Friday, December 17, 2004

Social Security privatization (elimination) has become a big fixture for me lately. It has already been the subject of countless speeches loaded with questionable statements and part of an economic conference which, if one reads the more objective (i.e. non-administration sources) reports of the conference, had so little basis in actual economic theory that Roosevelt High's math club could have torn through their estimates.

Paul Krugman weighs in on the subject by pointing out the results of some other privatization attempts that have been made in other countries:
Privatization dissipates a large fraction of workers' contributions on fees to investment companies…

…Decades of conservative marketing have convinced Americans that government programs always create bloated bureaucracies, while the private sector is always lean and efficient. But when it comes to retirement security, the opposite is true. More than 99 percent of Social Security's revenues go toward benefits, and less than 1 percent for overhead. In Chile's system, management fees are around 20 times as high. And that's a typical number for privatized systems.
The most consistently ire-provoking aspect of this whole fiasco is the lack of critical coverage from most of the mainstream press. The Bush plan, flawed though it is, has a chance of going through mostly due to a lack of accurate information given to the public. The Republicans so far control the ground this debate is standing on.

Unless the Democrats can understand that and work to change the playing field, Bush will, over the objections of every economist and policy expert not on the GOP payroll, destroy one of the few government plans that _actually_ works the way it is supposed to.
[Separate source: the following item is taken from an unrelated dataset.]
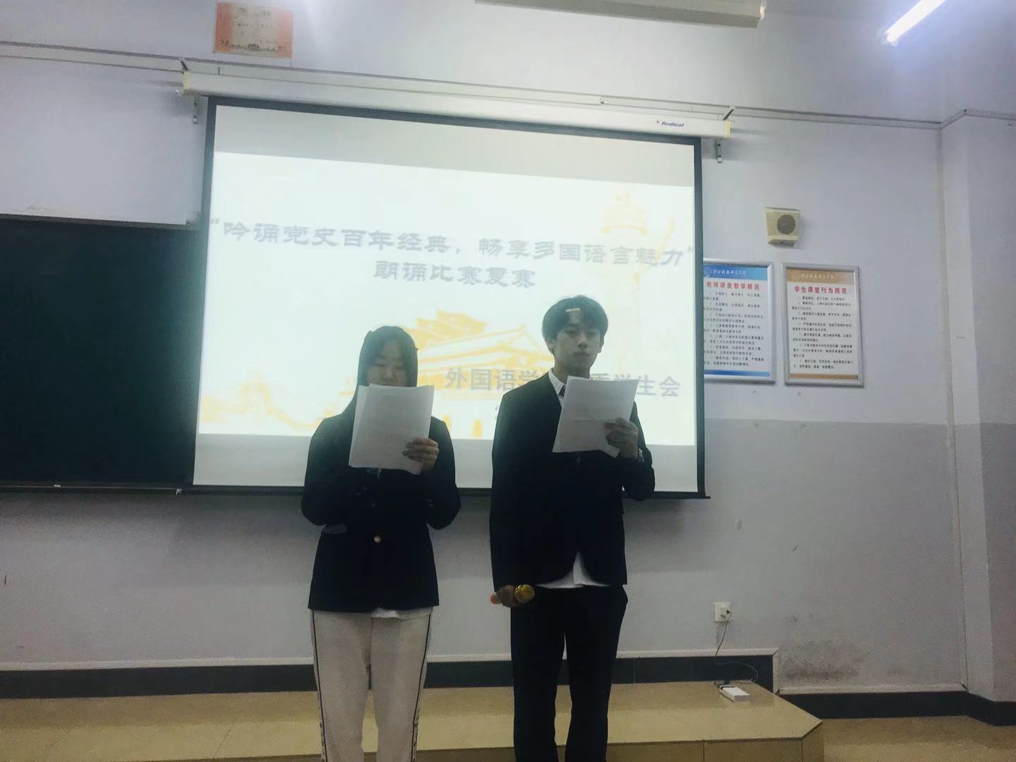 4月28日晚上6点半,bevictor韦德国际在406举办“吟诵党史百年经典,畅享多国语言魅力”外文朗诵大赛。进入决赛的20组选手用激昂高亢的声音、浓浓的爱党爱国之情,通过声声诵读传递党的“好声音”。本次比赛采取线下及线上抖音直播相结合的形式开展。公司党委书记、团委负责人、学工办副主任、各语种专业教师担任评委。
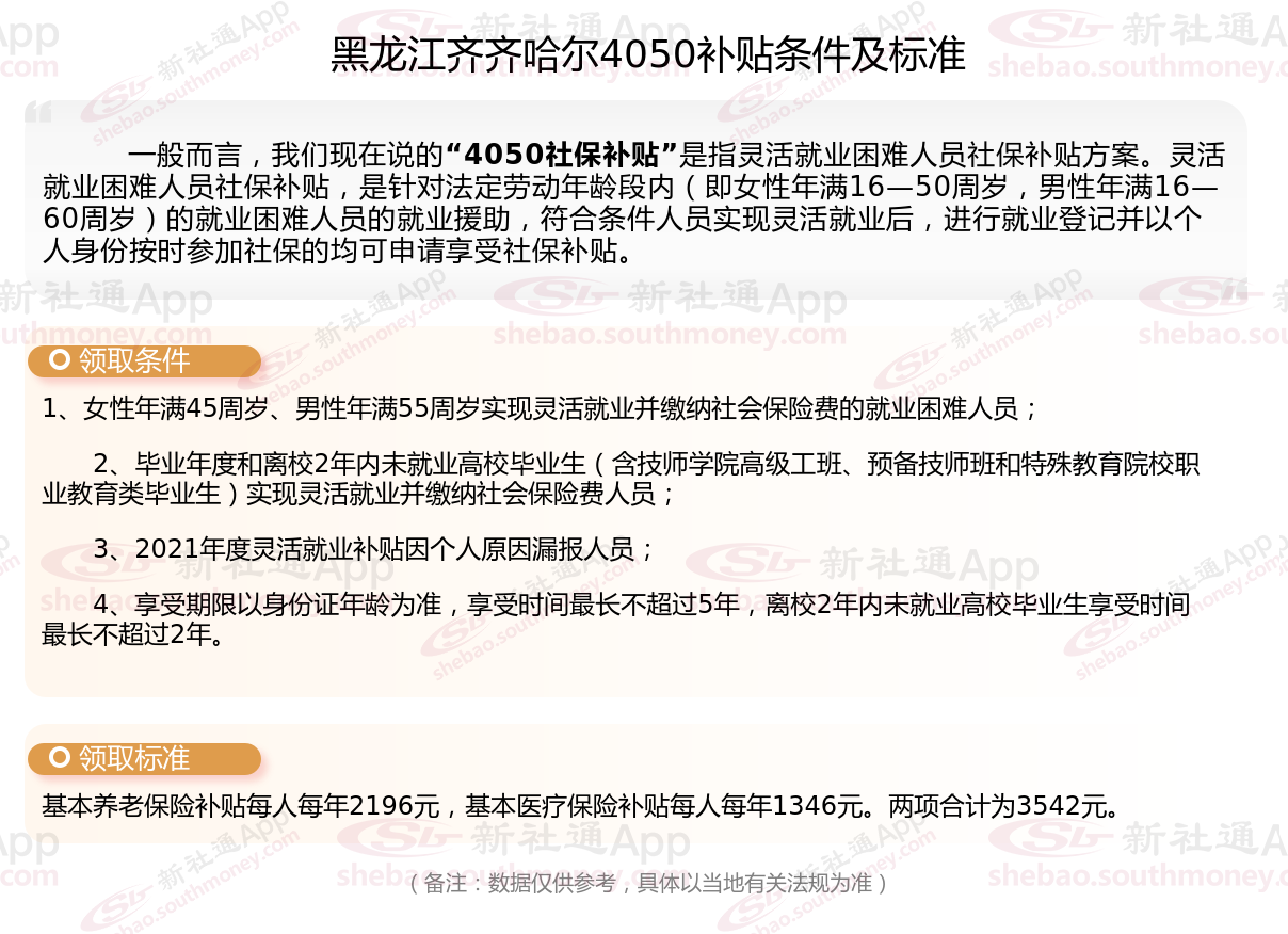 一、2023-2024年黑龙江齐齐哈尔4050社保补贴标准及条件,最新如下

Update: From Josh at Talking Points Memo
It turns out that there is at least one House Democrat who's coming out for ending the Social Security program. That would be Rep. Allen Boyd of Florida. He recently signed on as the cosponsor of Jim Kolbe's phase-out bill.

So, as long as we know where Boyd stands, let's find out where everyone else stands on the issue too.

The only way the Democrats are going to survive this is through complete and total party discipline. All it takes is a few Democrats crossing the isle and the Republicans will have all the PR they need. As someone else said (I can't remember at the moment, but I can't take credit for this idea), this needs to be completely on the Republicans, win or lose (and it will be lose). Any shadow of bipartisanship will simply give the Republicans political coverage in the long run.

Killing Social Security is the Republican's baby, let them take all the credit.